Relator's fear of retaliation is not sufficient reason to maintain the seal. Although the Eleventh Circuit has not ruled on this precise issue, other courts have uniformly found that fears of retaliation including interference with a relator's employment do not justify indefinitely sealing a qui tam case. See id. at *3-4 (citing United States v. King Pharm., Inc., 806 F. Supp. 2d 833 (D. Md. 2011) ); United States ex rel. Herrera v. Bon Secours Cottage Health Servs., 665 F. Supp. 2d 782 (E.D. Mich. 2008) ; United States ex rel. Permison v. Superlative Techs., Inc., 492 F. Supp. 2d 561 (E.D. Va. 2007) ). Specifically, these courts concluded that such a seal was not warranted for reasons including, but not limited to: (1) the text of the False Claims Act provides only for a 60-day seal for the Government's investigation; (2) the False Claims Act contemplates the added difficulty of the Government declining to intervene by adding a greater financial incentive for relators who continue to prosecute but does not provide for the ability to do so anonymously; and (3) fears of employment-related retaliation do not outweigh the strong presumption in favor of public access to judicial records in cases involving fraud against the Government. See id. The Court finds this reasoning persuasive.

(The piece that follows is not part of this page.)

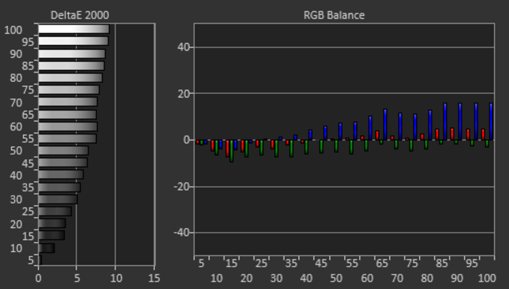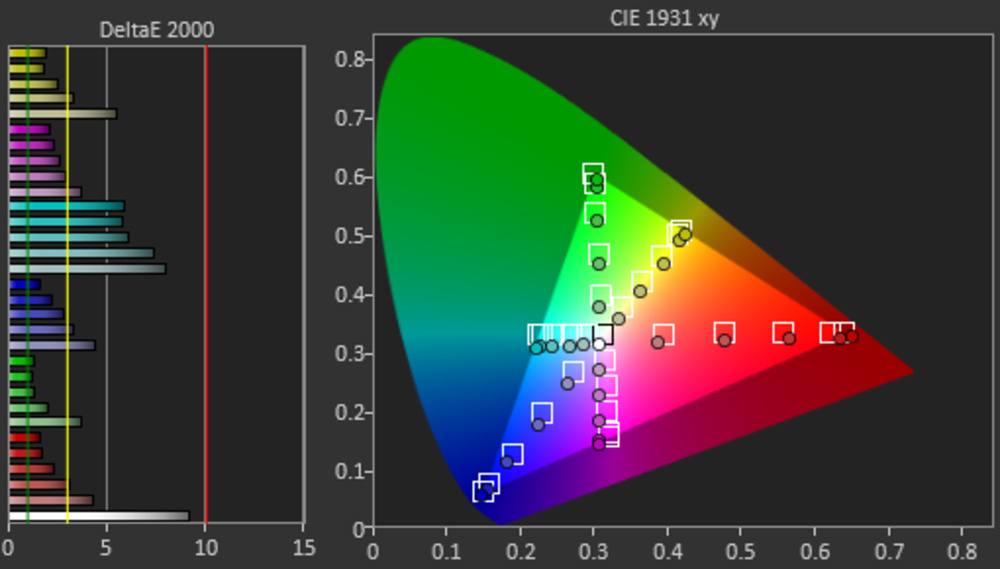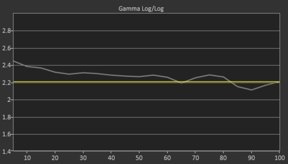 After calibration, this TV has much better accuracy, and it looks fantastic. A few colors have slight inaccuracies, but it's not really noticeable to most people. The white balance is perfect, and gamma follows our 2.2 target for a dark room perfectly. The overall color temperature is perfect. Note that this calibration was done with the traditional D65 white point, not the modified Judd white point that some calibrators are recommending for OLED displays.

The Court will also deny Relator's alternative request that his name be redacted pursuant to Fed. R. Civ. P. 5.2(d) for the same reasons. Further, it is unclear how Relator's identity could remain secret even if his name were redacted in the filings, given that he is the Plaintiff of record. In short, Relator's desire for permanent anonymity is not supported by the governing statutes permitting temporary sealing of qui tam cases and does not outweigh the strong presumption in favor of public access to judicial records.
III. CONCLUSION
For the foregoing reasons, the United States' Motion to Dismiss [14] and the motion to lift the seal included therein are GRANTED.
This action is DISMISSED WITH PREJUDICE with respect to Relator. The Clerk is DIRECTED to close this case.
Additionally, the Clerk is DIRECTED to lift the seal on all docket entries except Dkt. No. [12], which shall remain under seal indefinitely. IT IS SO ORDERED this 16th day of August, 2019.